→ Problem requirements: Copy the lines below exactly, starting at the one with "6. 如图 4 - 6" and ending at the one with "Showing and Presenting", and leave out any picture.

→ Input:
++++++

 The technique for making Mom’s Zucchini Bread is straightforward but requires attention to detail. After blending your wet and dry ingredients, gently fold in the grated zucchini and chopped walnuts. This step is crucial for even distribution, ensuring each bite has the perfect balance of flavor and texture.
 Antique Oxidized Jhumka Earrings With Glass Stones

++++++

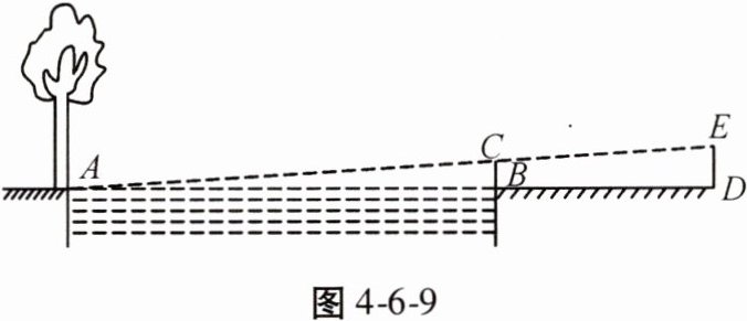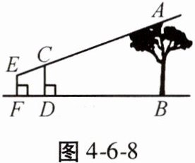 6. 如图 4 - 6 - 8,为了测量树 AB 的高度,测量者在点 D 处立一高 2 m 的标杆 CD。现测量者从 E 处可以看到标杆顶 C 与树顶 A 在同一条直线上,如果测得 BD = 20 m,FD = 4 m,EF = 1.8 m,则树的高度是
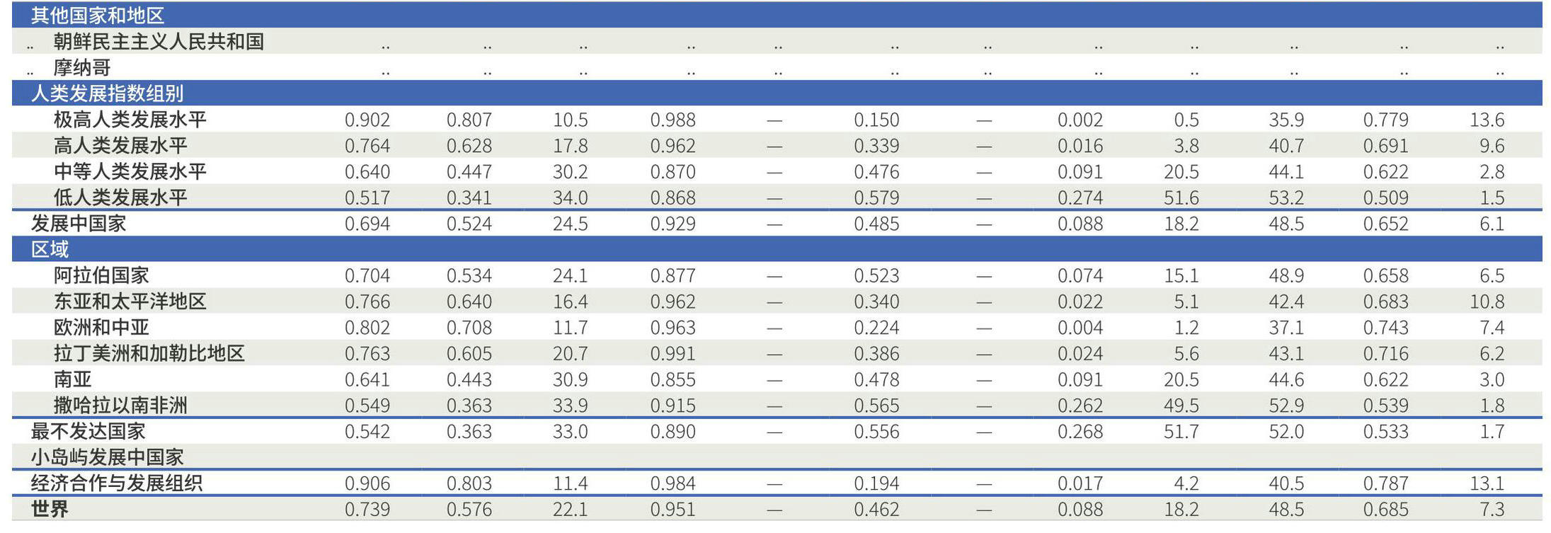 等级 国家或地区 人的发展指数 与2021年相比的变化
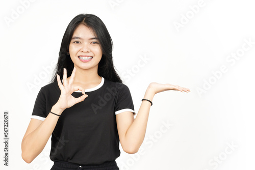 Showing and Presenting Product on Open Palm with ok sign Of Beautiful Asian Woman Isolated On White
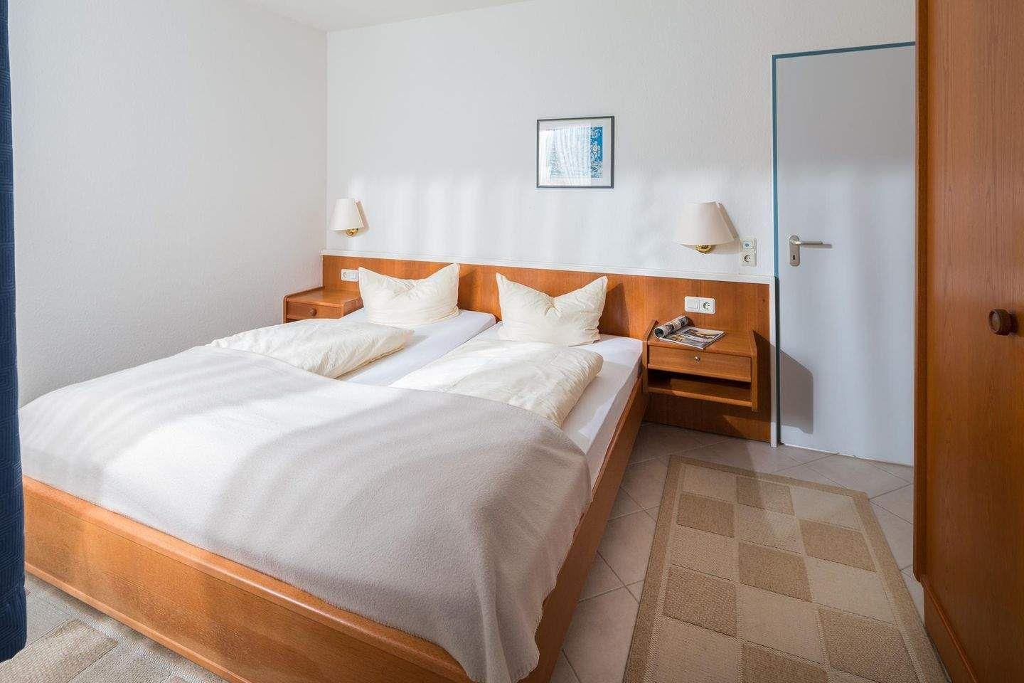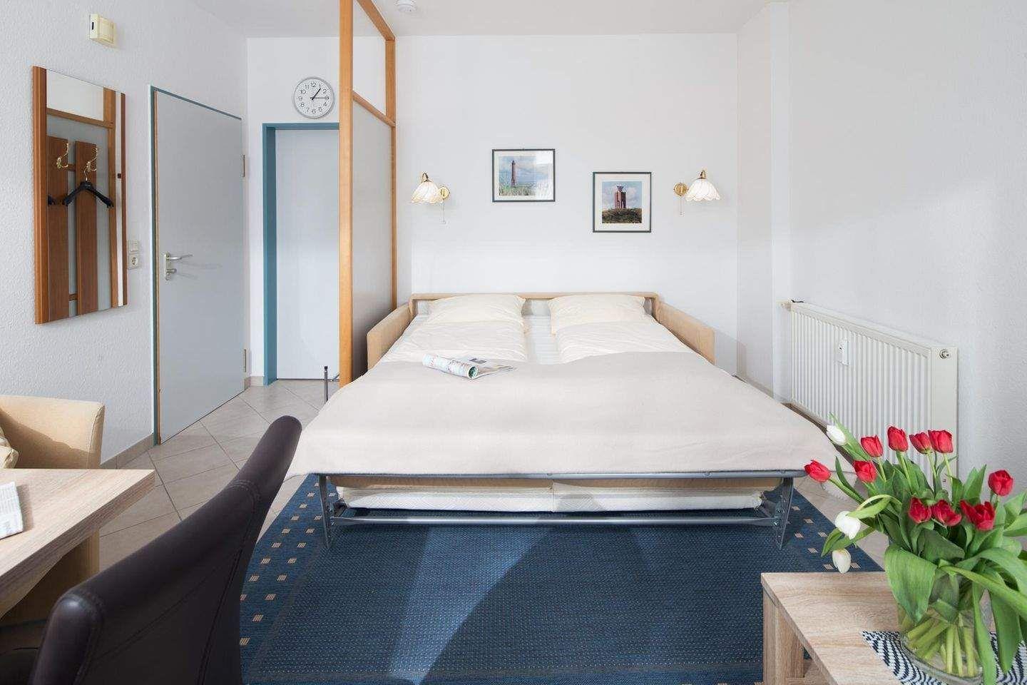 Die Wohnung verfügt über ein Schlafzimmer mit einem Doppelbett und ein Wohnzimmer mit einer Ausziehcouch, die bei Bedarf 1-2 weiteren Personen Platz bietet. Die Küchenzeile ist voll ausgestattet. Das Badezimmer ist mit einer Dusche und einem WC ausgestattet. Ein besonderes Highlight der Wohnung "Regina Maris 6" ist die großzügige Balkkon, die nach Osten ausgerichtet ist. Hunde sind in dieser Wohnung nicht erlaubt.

++++++

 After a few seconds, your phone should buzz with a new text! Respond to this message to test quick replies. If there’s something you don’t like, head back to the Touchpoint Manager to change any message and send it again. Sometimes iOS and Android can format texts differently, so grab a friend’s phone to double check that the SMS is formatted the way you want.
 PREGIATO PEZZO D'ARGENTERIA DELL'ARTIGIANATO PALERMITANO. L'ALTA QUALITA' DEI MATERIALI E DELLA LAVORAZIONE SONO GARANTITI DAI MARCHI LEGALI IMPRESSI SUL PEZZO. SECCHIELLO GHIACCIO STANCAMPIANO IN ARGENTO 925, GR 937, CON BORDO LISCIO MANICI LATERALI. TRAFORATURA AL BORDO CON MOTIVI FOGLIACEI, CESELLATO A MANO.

++++++

→ Task solution:
 6. 如图 4 - 6 - 8,为了测量树 AB 的高度,测量者在点 D 处立一高 2 m 的标杆 CD。现测量者从 E 处可以看到标杆顶 C 与树顶 A 在同一条直线上,如果测得 BD = 20 m,FD = 4 m,EF = 1.8 m,则树的高度是
 等级 国家或地区 人的发展指数 与2021年相比的变化
 Showing and Presenting Product on Open Palm with ok sign Of Beautiful Asian Woman Isolated On White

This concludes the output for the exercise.